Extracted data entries
▶
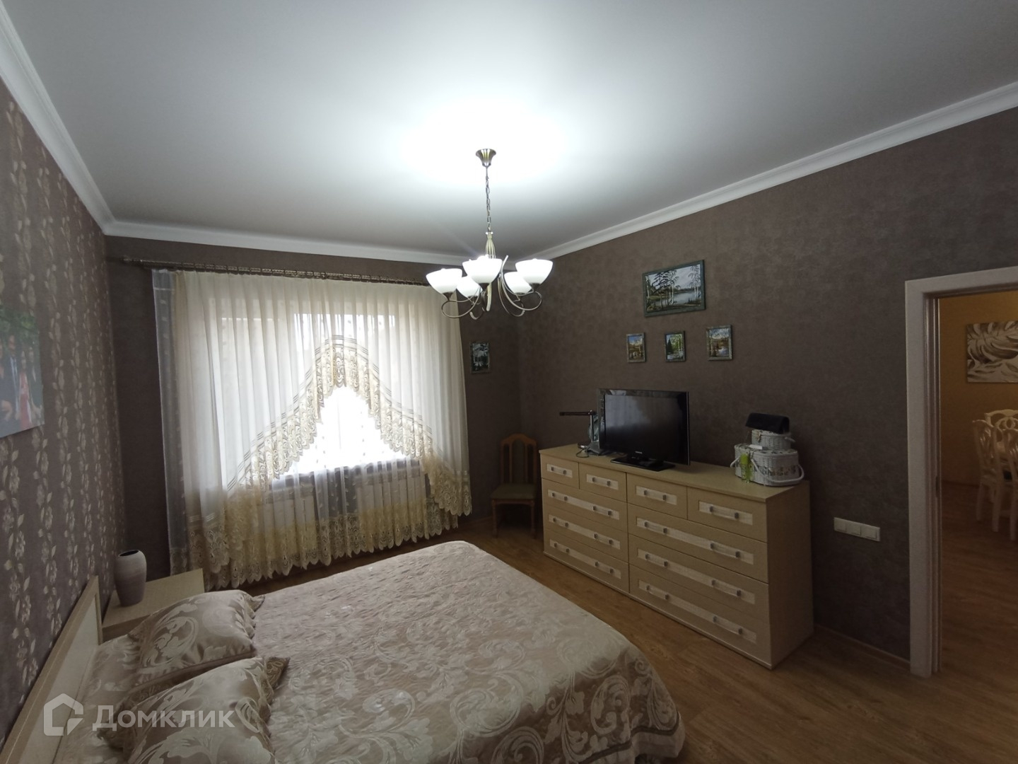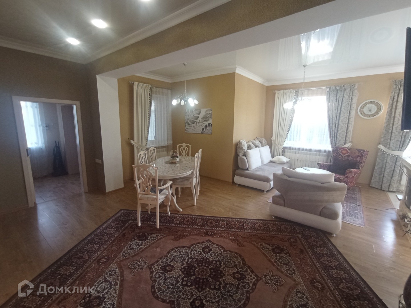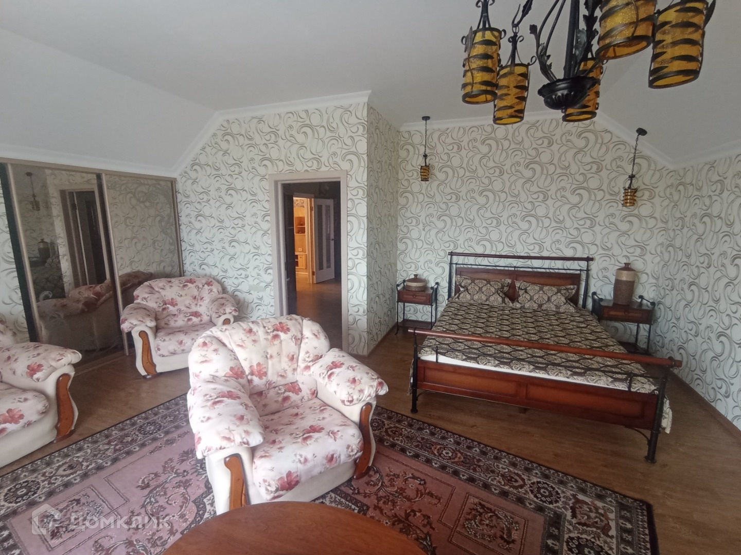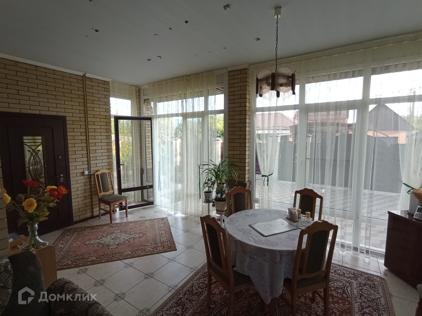 На 1м этаже везде натяжные потолки, на 2м гипсокартон
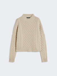 DETAILS Oversized jumper, featuring an Aran-inspired cable knit. Pure wool yarn jumper Boxy fit and medium length Stand collar Long sleeves with dropped shoulders Ribbed edges COMPOSITION AND CARE 100% virgin wool. Hand wash cold (40°c max); do not bleach; do not tumble dry; flat drying in the shade; cool iron; professionally dry clean perchloroethylene - mild process; do not wet clean.; iron with a cloth between.; using neutral detergent. Distributed by Max Mara S.r.l., registered office in Reggio Emilia (Italy), Via Giulia Maramotti 4, 42124 (IT)
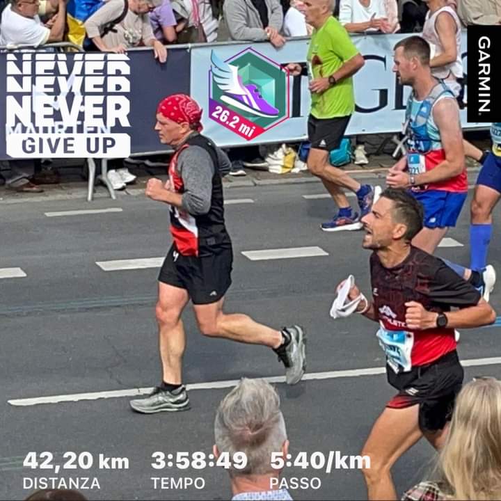 Ha coperto gli oltre 42 km con un tempo di 3h 58 minuti e 49 secondi
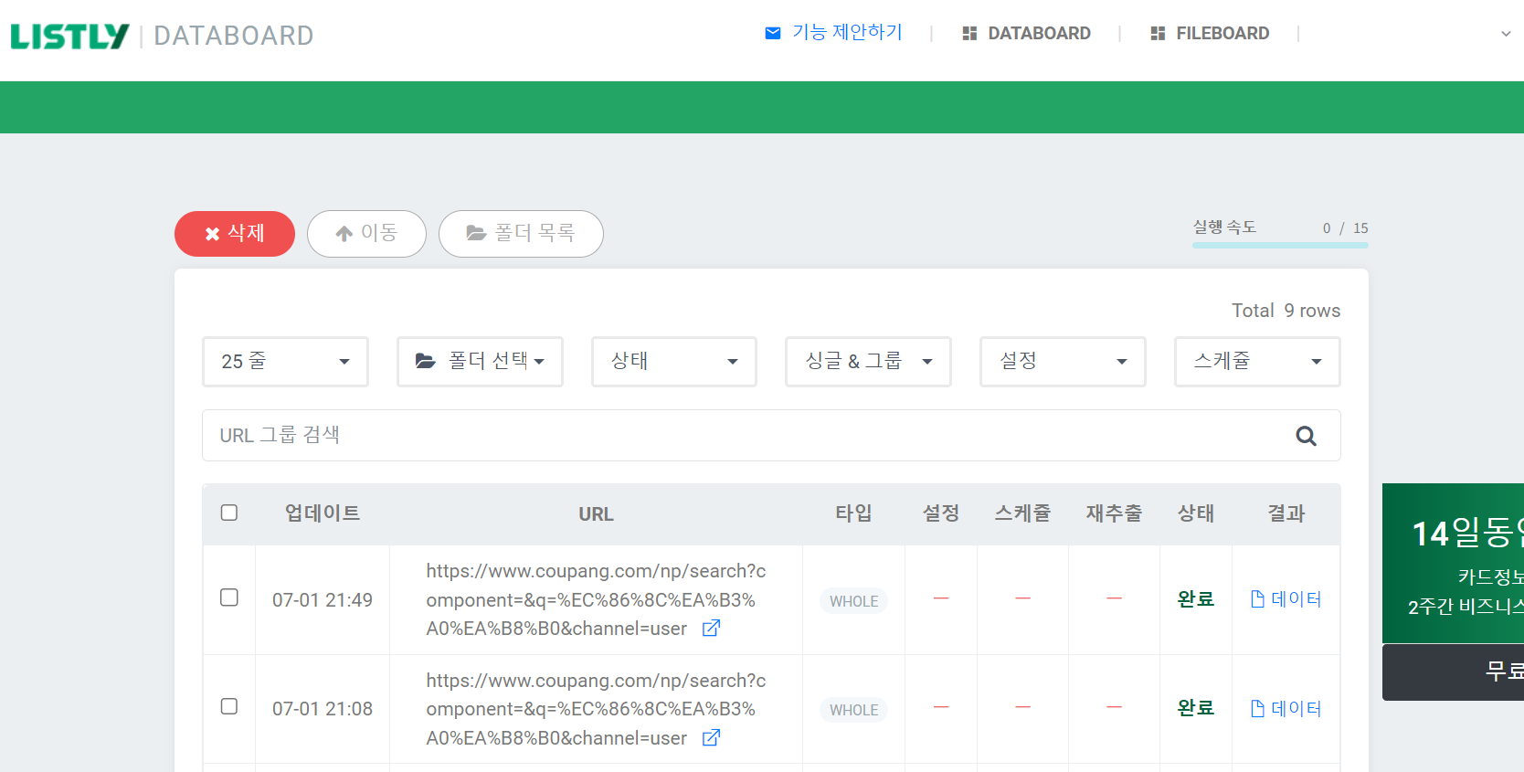 만약 회원가입과 로그인을 해둔 상태라면 결과화면에서 상단의 DATABOARD를 누르면 방금 긁은 페이지가 히스토리로 저장되어 언제든지 다시 확인할 수 있다.
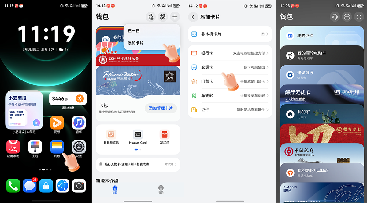 爸妈现在用的,都是我去年送的华为手机。这次我花了几分钟,先升级到鸿蒙6,再帮他们把常用的卡和证件都添加进华为钱包。只需要在手机桌面找到钱包App,点右上角"+",选"添加卡片"就可以,操作便捷又简单。
◀
WORK ORDER:
Your reply should hold only the lines from the one that contains "만약 회원가입과 로그인을" through the last line of the records above, exact and complete, and no pictures.

ANSWER FOR THIS EXERCISE:
 만약 회원가입과 로그인을 해둔 상태라면 결과화면에서 상단의 DATABOARD를 누르면 방금 긁은 페이지가 히스토리로 저장되어 언제든지 다시 확인할 수 있다.
 爸妈现在用的,都是我去年送的华为手机。这次我花了几分钟,先升级到鸿蒙6,再帮他们把常用的卡和证件都添加进华为钱包。只需要在手机桌面找到钱包App,点右上角"+",选"添加卡片"就可以,操作便捷又简单。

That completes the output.